## [Information provided]
####################

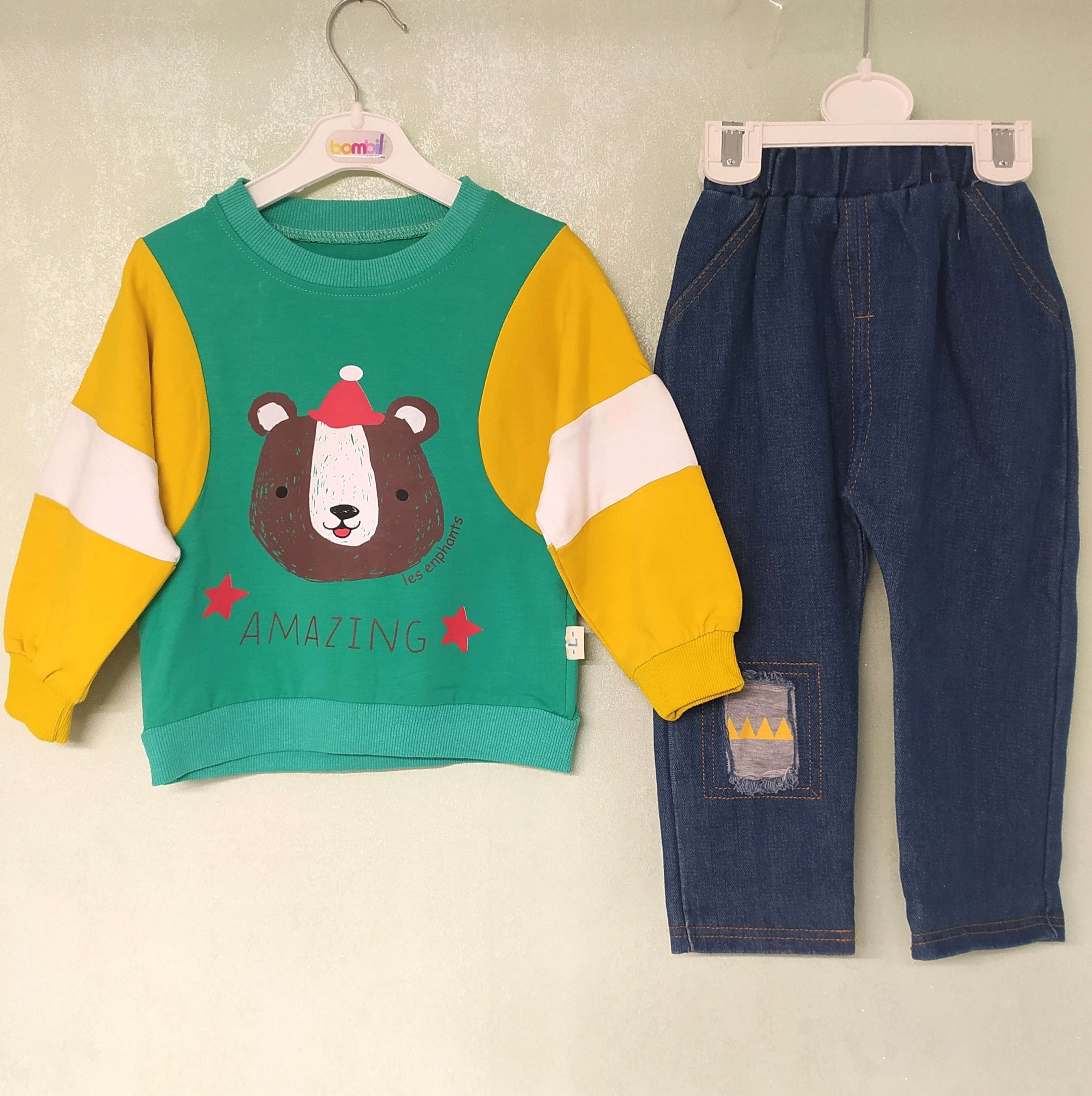 سایزL برای۲سال: قدبلوز۳۵، پهنا۳۲، آستین از انتهای یقه۳۴.۵، قدشلوار۴۹
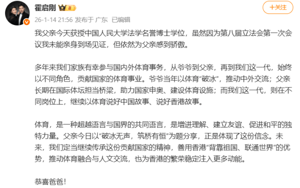 1月14日晚,霍启刚发文祝贺霍震霆:“我父亲今天获授中国人民大学法学名誉博士学位,虽然因为第八届立法会第一次会议我未能亲身到场见证,但依然为父亲感到骄傲。”
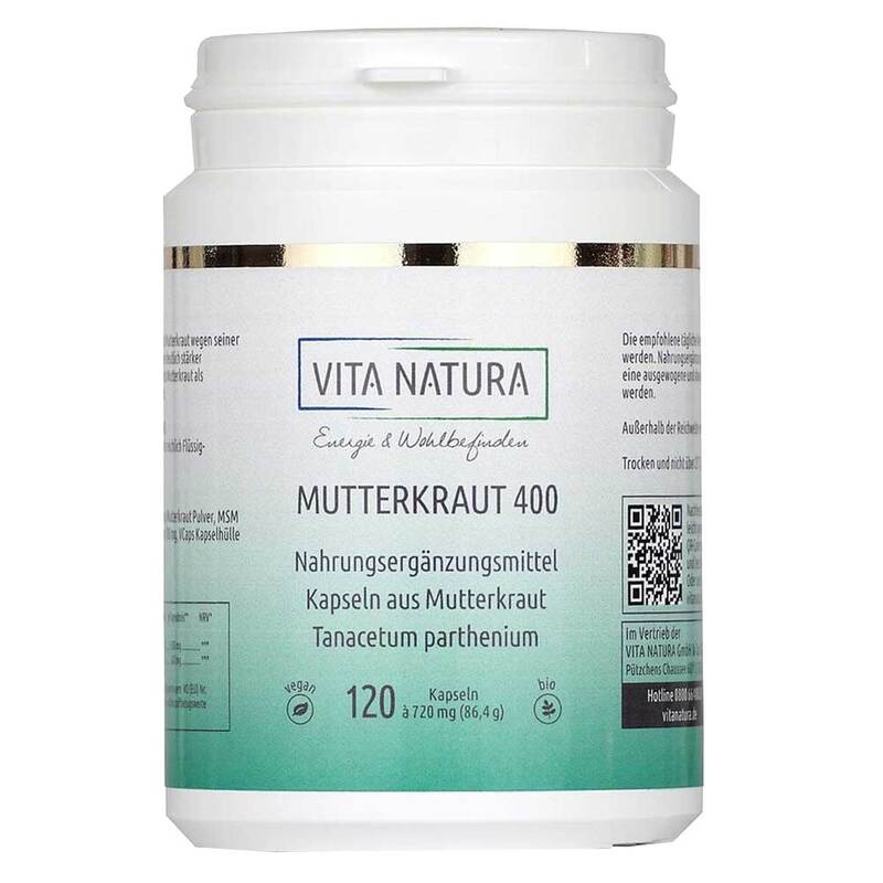 Enthält 400 mg hochwertiges Mutterkraut je Kapsel. Zusätzlich 200 mg MSM je Kapseln zur Verbesserung der Aufnahme.
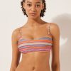 Fully lined bikini bottoms with invisible seams in order to not leave marks. The rounded waist at the front allows for both a classic or more high-cut fit, depending on one’s physique. A dynamic and sophisticated chevron motif, in bright colors on slightly ruched fabric, perfect for a modern and refined look.
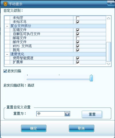 【ps自定义级别的设置见1.手动查杀中的说明 一下所有类似自定义均见1】
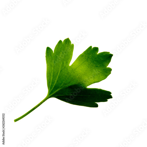 green leaf of black currant isolated on white background, top side of leaf
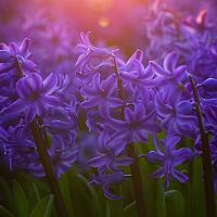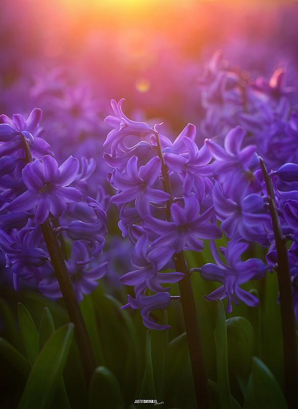 De geur is bedwelmend, bijna sprookjesachtig. Tussen de lange rijen bloeiende hyacinten ligt een stilte die alleen wordt doorbroken door het zachte gezoem van bijen die hun laatste ronde maken. De zon glijdt achter de horizon, terwijl haar stralen over de bloemen dansen en een gouden gloed werpen over het landschap.
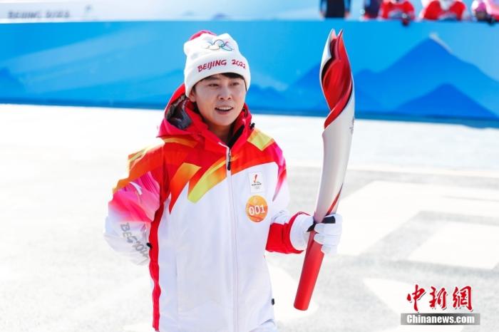 資料圖:2月2日,北京冬奧會(huì)火炬在北京冬奧公園傳遞。圖為火炬手王濛。 中新社記者 趙雋 攝
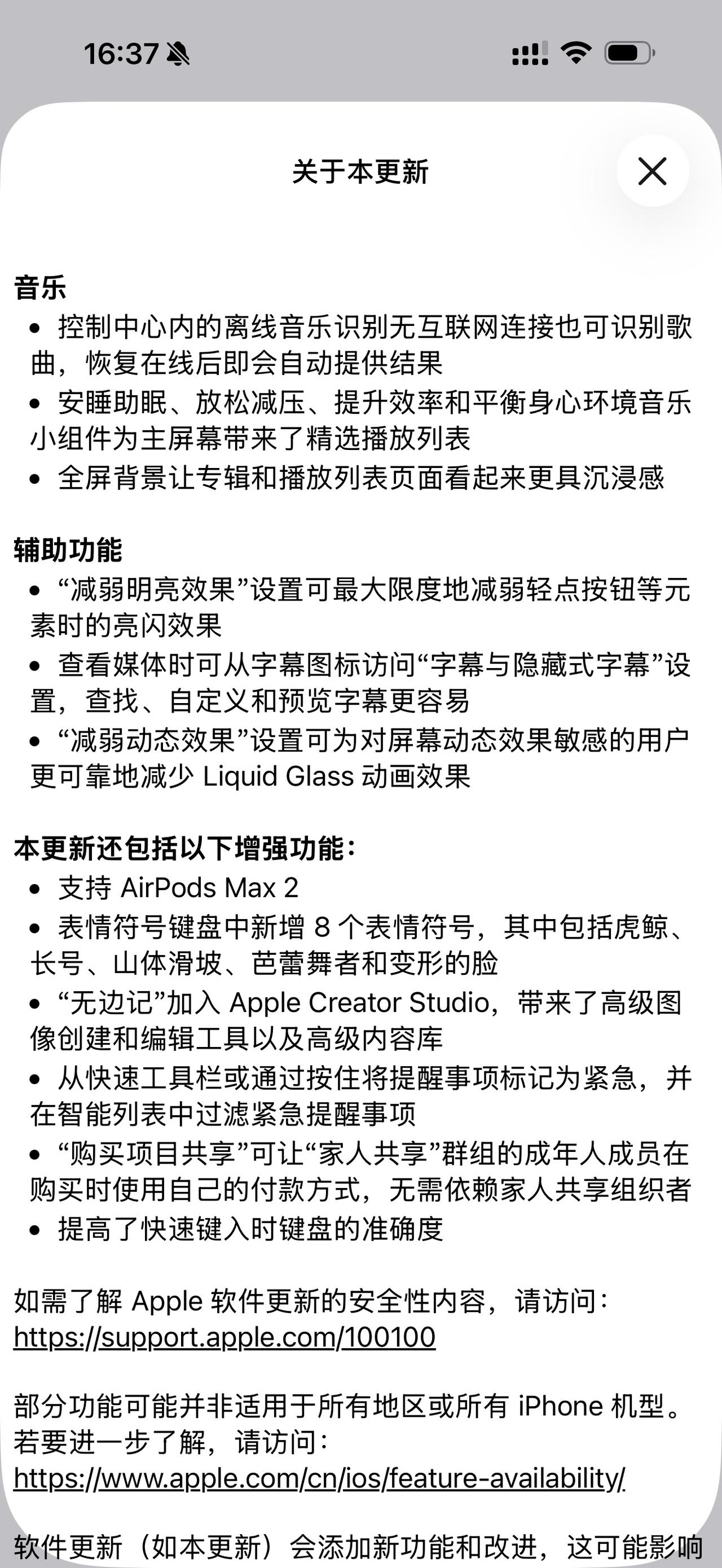 续航好了,信号强了,音质棒了,不掉帧了,不发热了,可以养老了[赞] 苹果近日火速推送iOS/iPadOS 26.4正式版(内部版本号:23E246),距上一正式版仅隔20天,堪称“速更天花板”! 官方日志只提8个全新表情,实则藏着大惊喜——虎鲸、扭曲脸、芭蕾舞者等8款新emoji之外,暗藏155个肤色适配彩蛋,总数达163个,精准戳中现代人复杂情绪表达需求。 不止表情狂欢,安全升级更致命!本次更新悄悄默认开启失窃设备保护,偷手机再无用处,高危操作需生物验证+1小时冷却期,隐私泄露风险直降72%,还封堵30+高危漏洞,彻底杜绝恶意攻击。 除此之外,后台卡顿、耗电异常等老痛点全修复,打字更跟手、续航更抗打。看似轻量更新,实则干货拉满,无冗余功能,每一处优化都戳中果粉刚需,赶紧冲就对了!你们升级了iOS26.4正式版了嘛?用起来感觉如何?[呲牙]
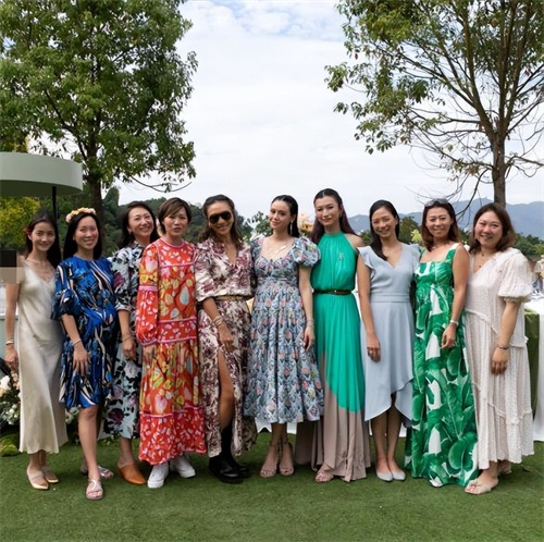 结果照片一看,不愧是她,在精心打扮的一圈美女里,唯有郭晶晶素面朝天,完全不 care现场阔太们的穿着规格,怎么随心怎么来。
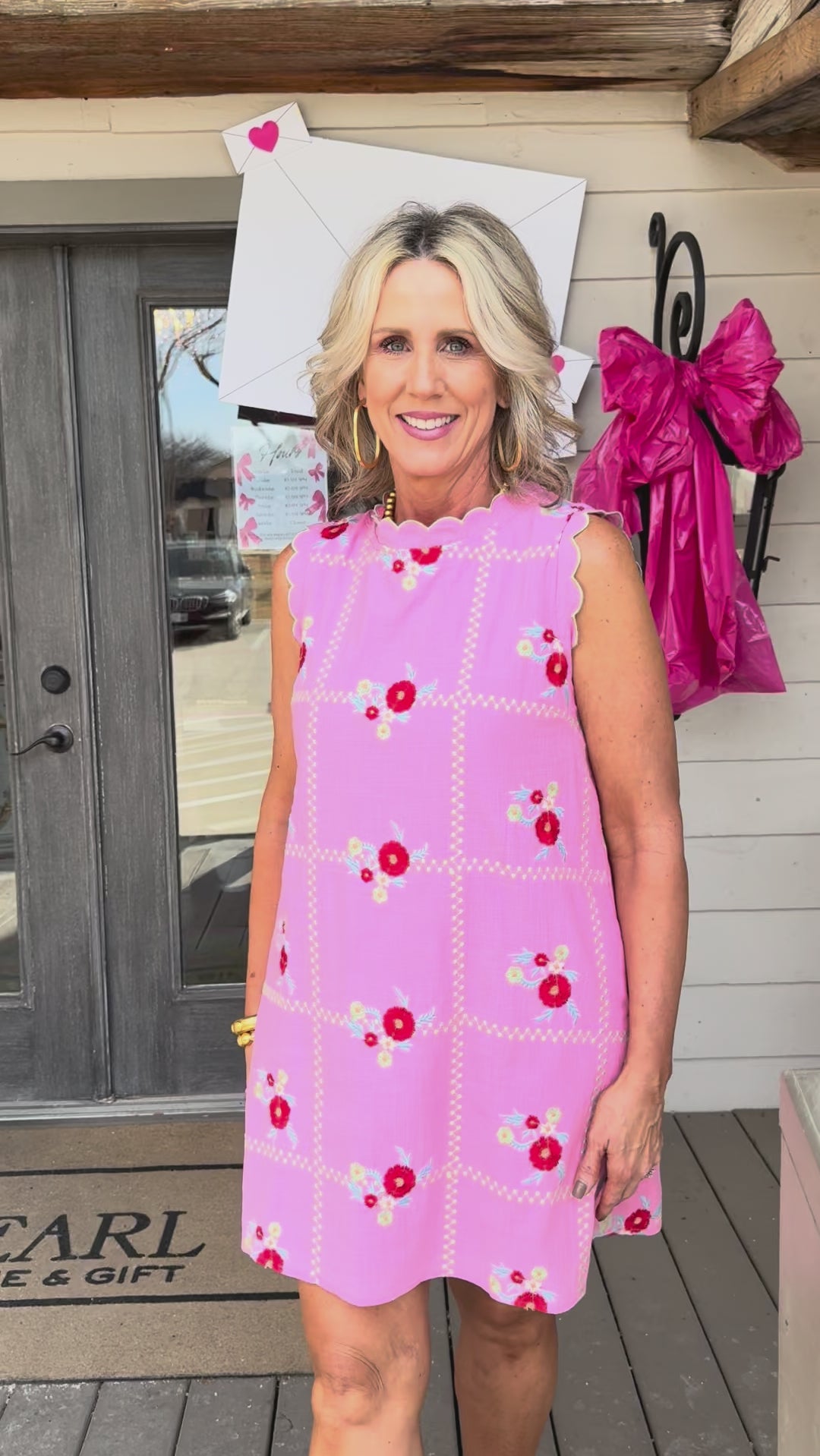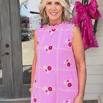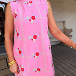 This pink mini dress blooms with blue and green florals and charming details that make every moment feel like a garden party.
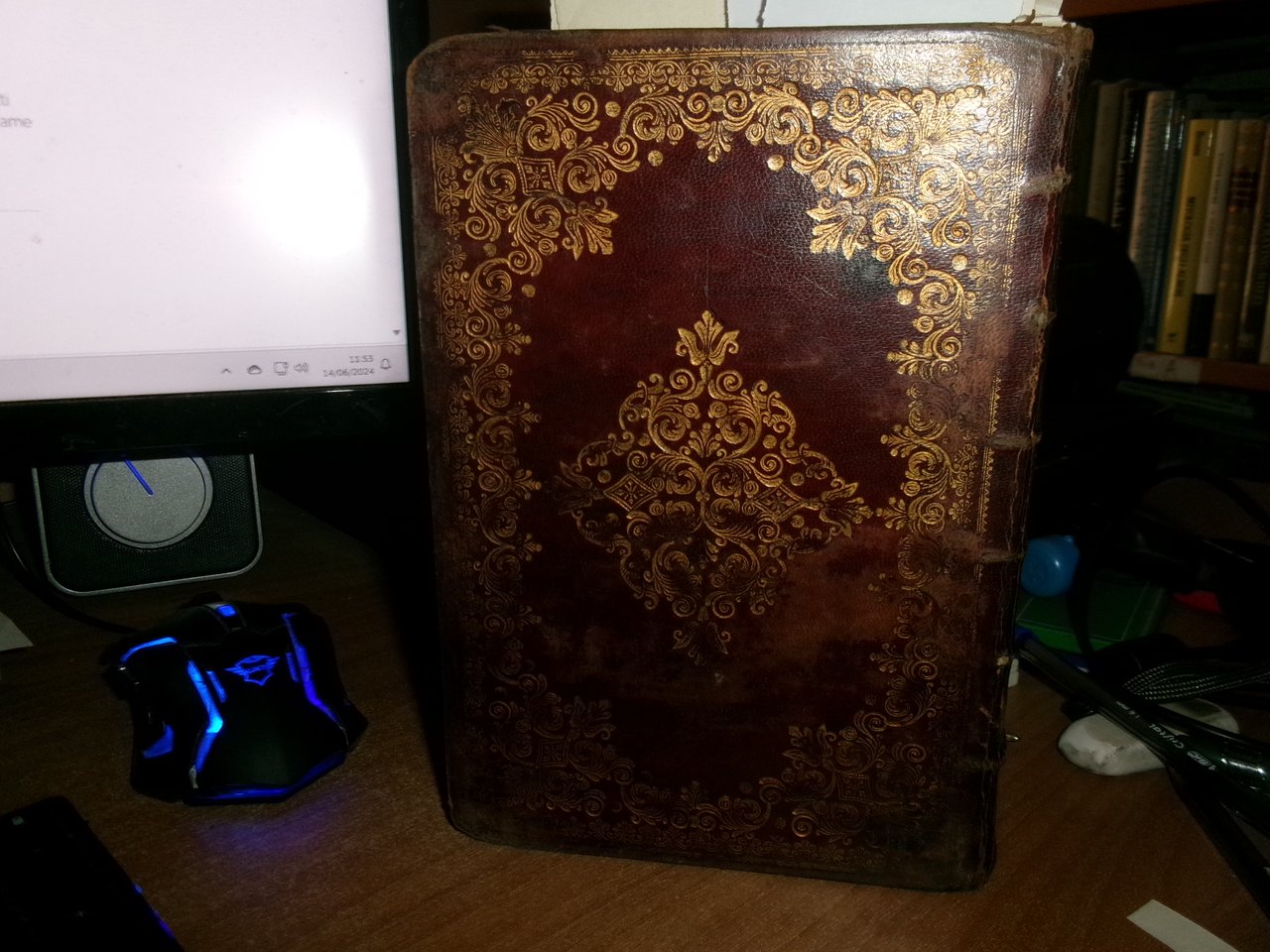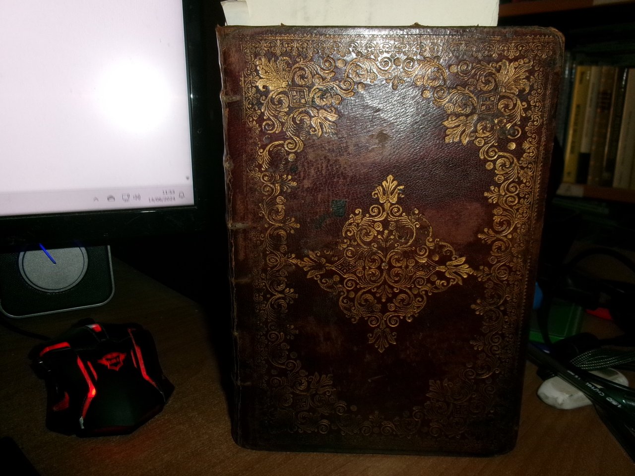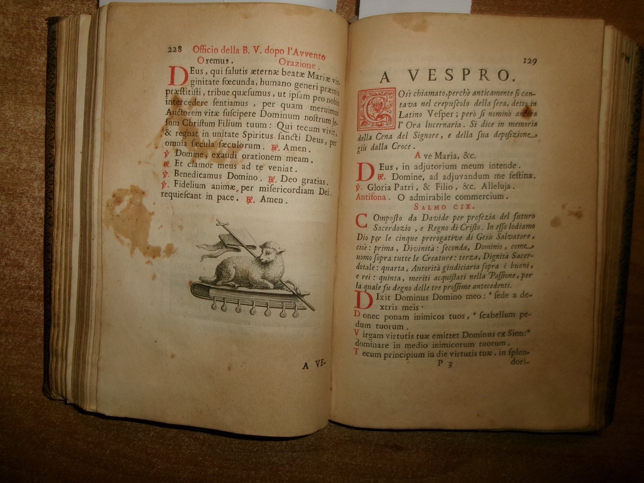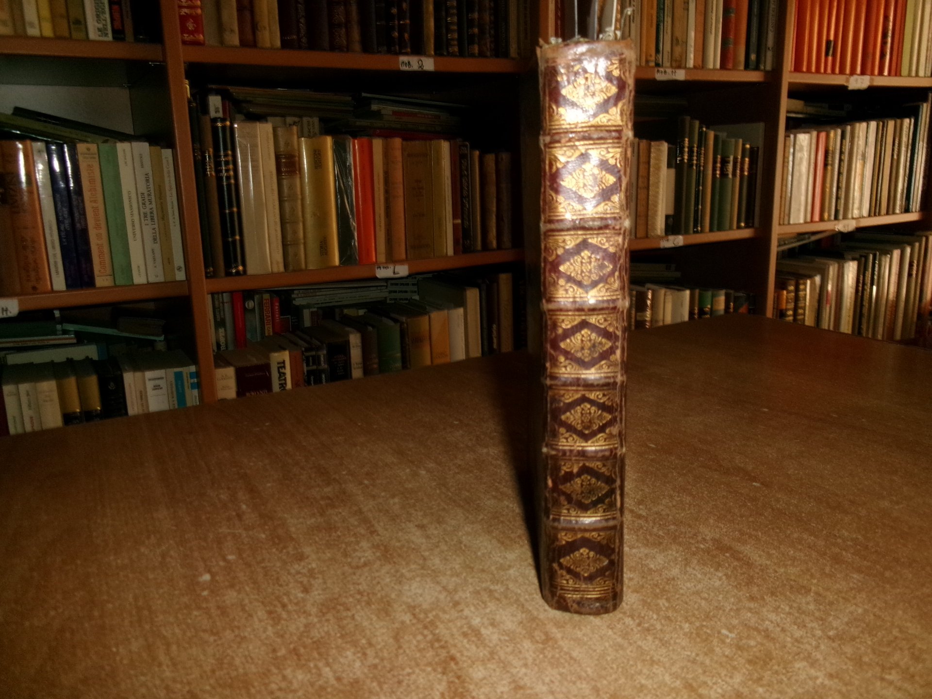 Officio della B. V. Maria per tutti i tempi dell' anno, Con le dichiarazioni, e spiegazioni dell' Abate Alessandro Mazzinelli. Dedicato alli Gloriosissimi Santi GIOACCHINO, ed ANNA. Roma: Gioacchino e Giovanni Giuseppe Salvioni, Stampatori Pontificii Vaticani, 1756. In-8° , splendita legatura in piena pelle coeva, dorso a nervetti, ricchi fregi in oro sui piani e al dorso. [24], 407, [1] pp. 2 parti, l'Ufficio dei Morti con titolo separato. Stampato in rosso e nero. Frontespizio inciso e 15 incisioni in rame a piena pagina di Arnold Van Weserhout e Jacob Frey secondo Joseph Passarus (Giuseppe Passaro), due vignette incise del titolo e 12 vignette della cordiera, alcune non firmate, altre di Frey secondo Passaro o di M. Schedi (incisore), 3 iniziali incise, numerose iniziali xilografiche stampate in rosso. Testo in italiano e latino. Bell' esemplare nonostante un lieve alone di umidità nel margine vicino al dorso delle prime pagine ed alcune macchioline in poche pagine. Neg. Mens. Bianca cassa entro busta trasp.

####################

## [Description of the task]
Please set down only the lines from the first line of the records above through the line that has "Enthält 400 mg", exactly, and not the pictures.

## [Solution to the problem]
 سایزL برای۲سال: قدبلوز۳۵، پهنا۳۲، آستین از انتهای یقه۳۴.۵، قدشلوار۴۹
 1月14日晚,霍启刚发文祝贺霍震霆:“我父亲今天获授中国人民大学法学名誉博士学位,虽然因为第八届立法会第一次会议我未能亲身到场见证,但依然为父亲感到骄傲。”
 Enthält 400 mg hochwertiges Mutterkraut je Kapsel. Zusätzlich 200 mg MSM je Kapseln zur Verbesserung der Aufnahme.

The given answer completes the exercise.